■ Exercise objective:
When you reach the line below that has "本次公司公开发行新股的发行费", start returning lines exactly, and stop after the line that has "- 家具造型融合了中式传统与现代元素,体现新中式风格。"; skip the pictures.

■ Input records:
-------

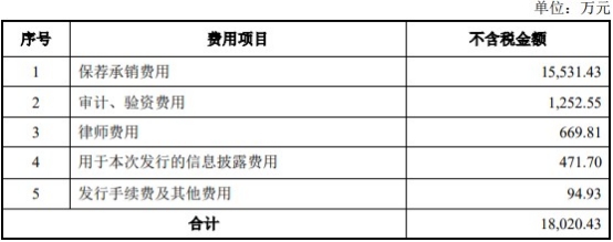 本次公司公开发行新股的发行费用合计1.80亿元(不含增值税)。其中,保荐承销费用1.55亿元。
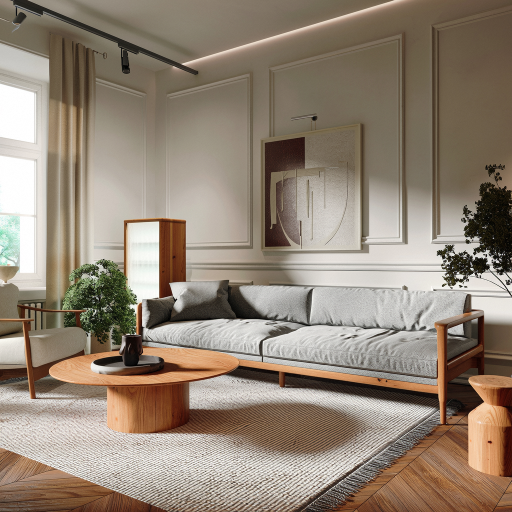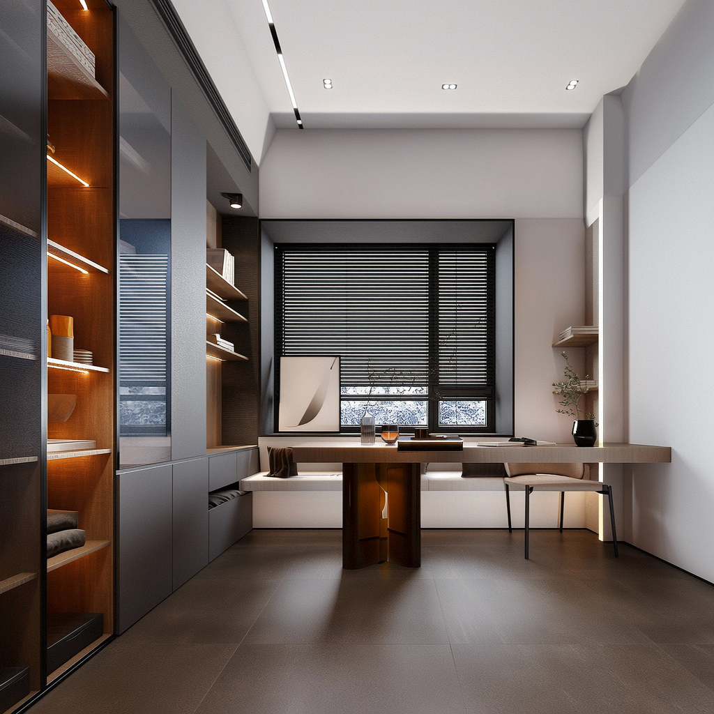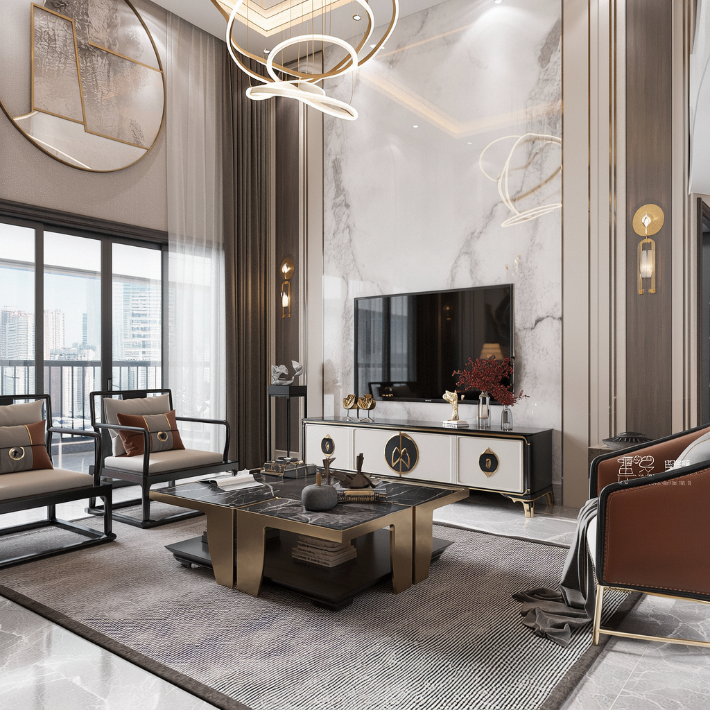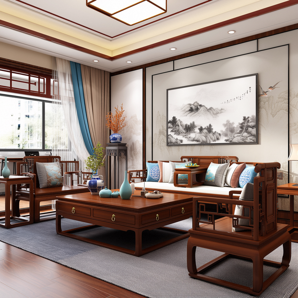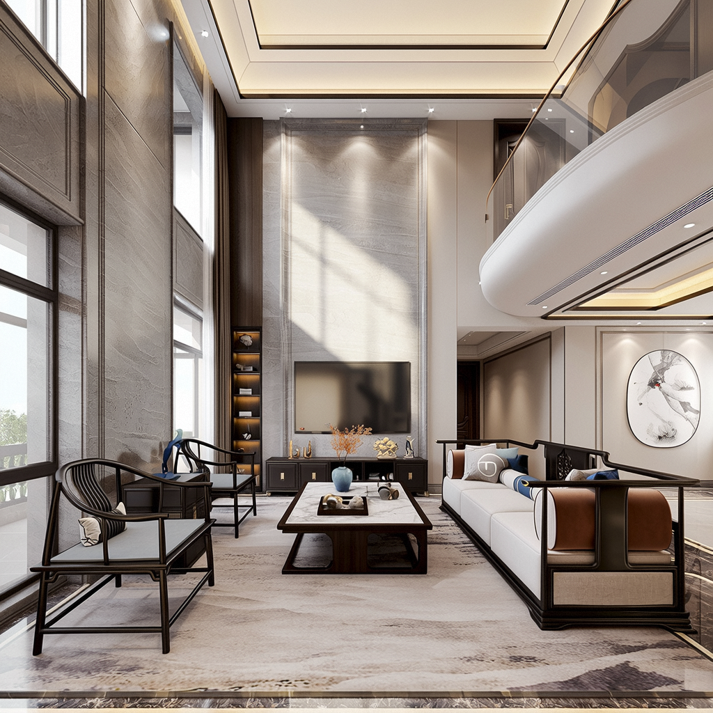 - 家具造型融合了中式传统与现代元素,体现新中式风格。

-------

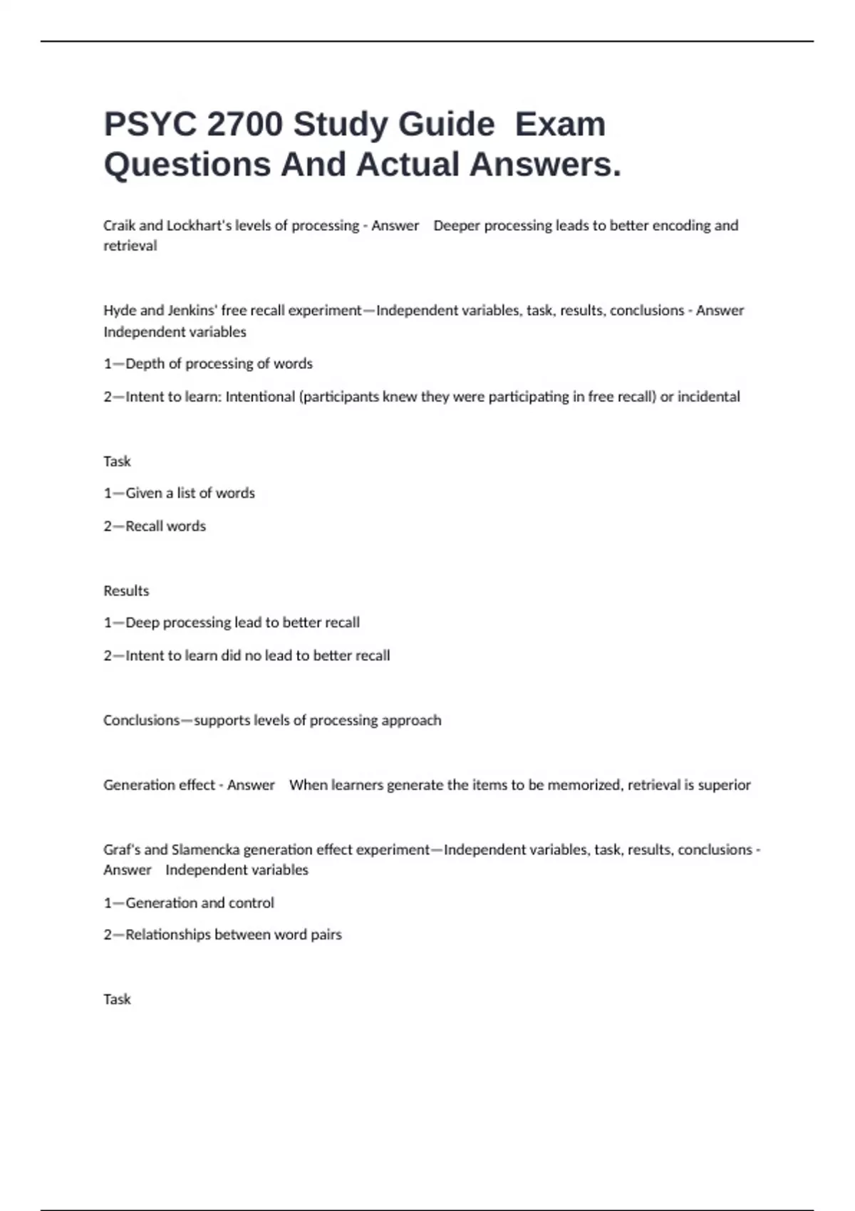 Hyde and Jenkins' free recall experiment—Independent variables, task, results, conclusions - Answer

-------

■ Answer section:
 本次公司公开发行新股的发行费用合计1.80亿元(不含增值税)。其中,保荐承销费用1.55亿元。
 - 家具造型融合了中式传统与现代元素,体现新中式风格。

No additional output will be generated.